The Liverpool University Neuroleptic Side Effect Rating Scale (LUNSERS)
The Liverpool University Neuroleptic Side Effect Rating Scale (LUNSERS) is self-rating scale for measuring the side-effect of antipsychotic medications.
LUNSERS was developed by researchers within the University of Liverpool to indicate the extent of side-effects experienced by patients medicated with neuroleptic drugs.
The scale consists of 41 known side effects of neuroleptics. Each 'side-effect' listed is scored on a five point rating scale of 0 - 4, i.e. 0 = 'Not at all' and 4 = Very much. It can be used to provide a general overview of the person’s experience to side effects over the last month. It is useful also in pinpointing specific troublesome side effects for further assessment and / or changes in the medication strategy. Details of the scoring system for the LUNSERS can be downloaded in Dossier Extracts section.
The measurement scale consists of 51 items, which were mainly based on adaptions to the physician-rated items in the UKU side effects rating scale. Forty-one items, covering psychological, neurological, autonomic, hormonal and other miscellaneous side-effects, were constructed by rewording the appropriate UKU items, so that they could be self-rated.

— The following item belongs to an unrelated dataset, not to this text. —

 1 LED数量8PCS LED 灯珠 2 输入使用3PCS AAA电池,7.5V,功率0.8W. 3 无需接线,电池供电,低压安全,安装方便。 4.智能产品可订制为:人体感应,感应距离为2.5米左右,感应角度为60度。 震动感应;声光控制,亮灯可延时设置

In addition, 10 ‘red herring’ items were included, referring to symptoms that are not known neuroleptic side-effects (e.g. chilblains, hair loss), to help validate the results.
In order to assess the validity of the questionnaire the study team has administered it not only to patients being treated with neuroleptics (n=50) but also to normal control subjects (n=50) from which none were receiving psychiatric treatment or medications of any kind.
The LUNSERS was found to be a valid and reliable assessment of patients’ experiences of neuroleptic side-effects.
On its initial development, the LUNSERS scale demonstrated good internal consistency with patient data on both the first and second administrations achieving a Cronbach’s Alpha coefficient value of 0.89 at both time points (Day et al 1995). The internal consistency has been further supported among a larger population sample (n=320), achieving a value of 0.85 (Wolters 2009).
Test-test reliability, calculated using Pearson correlation co-efficient, has been demonstrated with a mean correlation between individual items of 0.58 (range 0.26 – 0.83). All correlations were significant at p>0.05, with 34 of the 41 items were significant at P<0.001. Test-retest reliability for the total score for items measuring ‘known side effects’ was also good (r=0.81, p<0.001) (Day et al 1995). Stability over time when no change in treatment has been also demonstrated in subsequent studies (Lambert et al 2003).
The LUNSERS has demonstrated concurrent validity through strong correlations between the total side-effect scores and total scores on the UKU scale (r =0.83, p< 0.01) (Day et al 1995). In addition, the red herring items which are included in the LUNSERS instrument can also be used to give an indication of patient self-report accuracy and over reporting of symptoms. When correcting for over-reporters, significant correlations between UKU and LUNSERS total side effect ratings (Spearman’s rho= 0.58, p<0.005, n=24), have been shown to support concurrent validity (Lambert et al 2003).
The LUNSERS can distinguish between known groups and has detected significant differences between total side effect scores for medicated subjects compared to non-medicated subjects (t=6.30, p<0.001, d.f. 98). This is further supported through no significant differences present between the red herring item scores for the same two groups (t=0.80, p=0.424, d.f. 98) (Day et al 1995).
Uses and cut off points
The LUNSERS is an instrument with demonstrated reliability and validity which is suitable for use in in clinical practice (Morrison et al 2000, Wolters 2009, Nosè et al 2012, Ashoorian et al 2014). The instrument can be considered useful for extensive screening and assessing of the side effects of antipsychotic treatment and be used to evaluate the impact of management strategies which aim to reduce side-effects (Morrison et al 2000, Wolters 2009). The LUNSERS has also been shown to be useful, convenient and cost effective as a measure of drug induced parkinsonism and akathisia (Jung et al 2005).
Receiver-operating characteristic (ROC) curves have given an indication of the appropriateness of cut-off points for LUNSERS side-effect scores depending on the purpose for which the scale is being employed (Day et al 1995). A cut-off point of 42 indicated that approximately 50% of medicated patients were correctly identified as opposed to 70% of patients being correctly identified using a cut-off point of 26. The later cut-off point carried a risk of 25% of non-medicated students being incorrectly classified. Red-herring items were shown to have low discrimination properties and therefore inappropriate for cut off points (Day et al 1995).
Details of the development and validation of the LUNSERS are described in:
Day JC et al. A self-rating scale for measuring neuroleptic side-effects. Validation in a group of schizophrenic patients. BJ Psych. 1995;166:650-653.